An object is located in a fixed position in front of a screen. Sharp image is obtained on the screen for two positions of a thin lens separated by 10 cm. The size of the images in two situations are in the ratio 3 : 3. What is the distance between the screen and the object?

In the displacement method, an object and screen are fixed at distance $$D$$ apart, and a thin lens forms a sharp image at two positions separated by $$d = 10$$ cm.

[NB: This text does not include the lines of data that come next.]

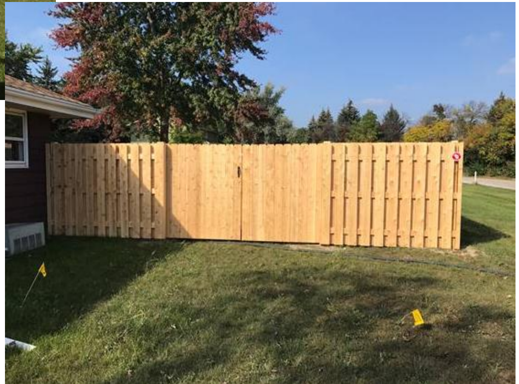
Image at right is to indicate gate and posts only. The shadowbox style fence is not permitted.

Fence design (6' high dog ear) will resemble the image above but include a 12'x6' double drive gate that resembles the photo to the right ( paint or opaque stain required )
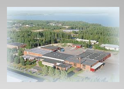
Example of a factory only – not related to geothermal factory

Total Investment: €100 million excluding any subsidies and grants.
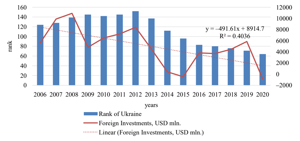
Fig. 1. Correlations of Ukrainians place in Doing Business and foreign investments: y-axis is the level of investment income

One of the main causes of market stagnation mergers and acquisitions - uncertainty of companies in the future, in the possibility of fast exit from the recession. All last year, companies tried to improve their own liquidity. The situation prompted top management many companies focus on issues improving operational efficiency by releasing related tasks with business development. The global M&A market showed double-digit growth in 2021 (+47 % in value and +31 % in volume compared to 2020). The year for the M&A market in the world was a new record - 48,948 transactions in the amount of 4,418 billion US dollars, which surpassed the previous records in 2007 (3,833 billion US dollars) in value and in 2017 in terms of volume (37,437 transactions). Less than in pre-crisis times, availability of credit resources in the background declining profits of many companies have made the acquisition of other businesses more difficult even despite the fact that the market value of the potential objects of acquisition has decreased significantly [27-29].
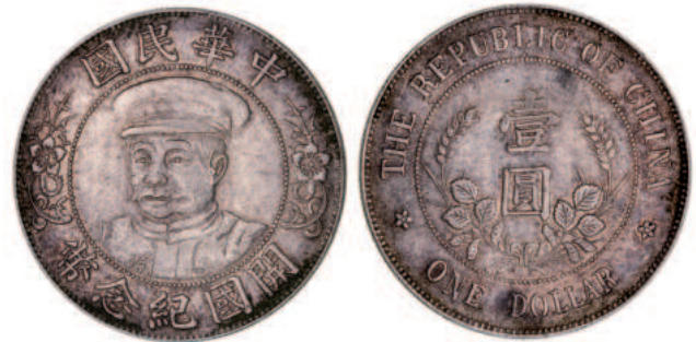
1688* China, Republic, Li Yuan-hung silver dollar (1912) Founding of the Republic (KM.Y.320). Light grey tone, very fine.
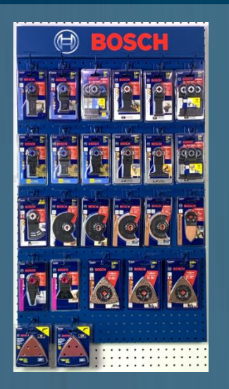
Starlock Oscillating 2' POG
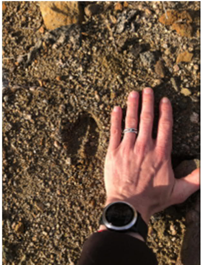
Tracks May 5, 2021
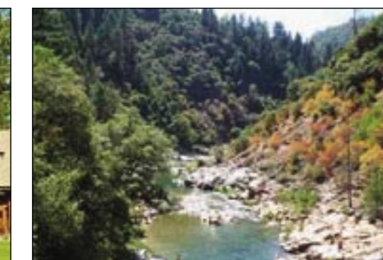
10 Wow Acres! ... level, gently rolling; usable lush tall trees.; 6 mi./6 min. to Nevada City; near Yuba River; recent clearing; many bldg/dev possibilities; views to Yuba River Valley/Sierras. (MLS# 1026484) $299,000

For the two lens positions, the object and image distances are $$u_1 = \dfrac{D - d}{2}$$, $$v_1 = \dfrac{D + d}{2}$$ and $$u_2 = \dfrac{D + d}{2}$$, $$v_2 = \dfrac{D - d}{2}$$.

The linear magnifications are $$m_1 = \dfrac{v_1}{u_1} = \dfrac{D + d}{D - d}$$ and $$m_2 = \dfrac{v_2}{u_2} = \dfrac{D - d}{D + d}$$. The ratio of the image areas is $$\dfrac{m_1^2}{m_2^2} = \left(\dfrac{D+d}{D-d}\right)^4$$. Given that this ratio equals $$\dfrac{3}{2}$$, we get $$\left(\dfrac{D+d}{D-d}\right)^2 = \sqrt{\dfrac{3}{2}} = \dfrac{\sqrt{6}}{2}$$.

Taking the square root: $$\dfrac{D+d}{D-d} = \left(\dfrac{3}{2}\right)^{1/4}$$. However, a cleaner interpretation is that the linear magnification ratio satisfies $$\dfrac{m_1}{m_2} = \left(\dfrac{D+d}{D-d}\right)^2 = \dfrac{3}{2}$$, giving $$\dfrac{D+d}{D-d} = \sqrt{\dfrac{3}{2}} = \dfrac{\sqrt{6}}{2}$$.

Cross-multiplying: $$2(D + d) = \sqrt{6}(D - d)$$, so $$2D + 2d = \sqrt{6}\,D - \sqrt{6}\,d$$, which rearranges to $$D(\sqrt{6} - 2) = d(2 + \sqrt{6})$$. With $$d = 10$$: $$D = \dfrac{10(2 + \sqrt{6})}{\sqrt{6} - 2}$$.

Rationalizing by multiplying numerator and denominator by $$(\sqrt{6} + 2)$$: $$D = \dfrac{10(2 + \sqrt{6})(\sqrt{6} + 2)}{6 - 4} = \dfrac{10(2\sqrt{6} + 4 + 6 + 2\sqrt{6})}{2} = \dfrac{10(10 + 4\sqrt{6})}{2} = 50 + 20\sqrt{6}$$.

Since $$\sqrt{6} \approx 2.449$$, we get $$D = 50 + 48.99 \approx 99.0$$ cm.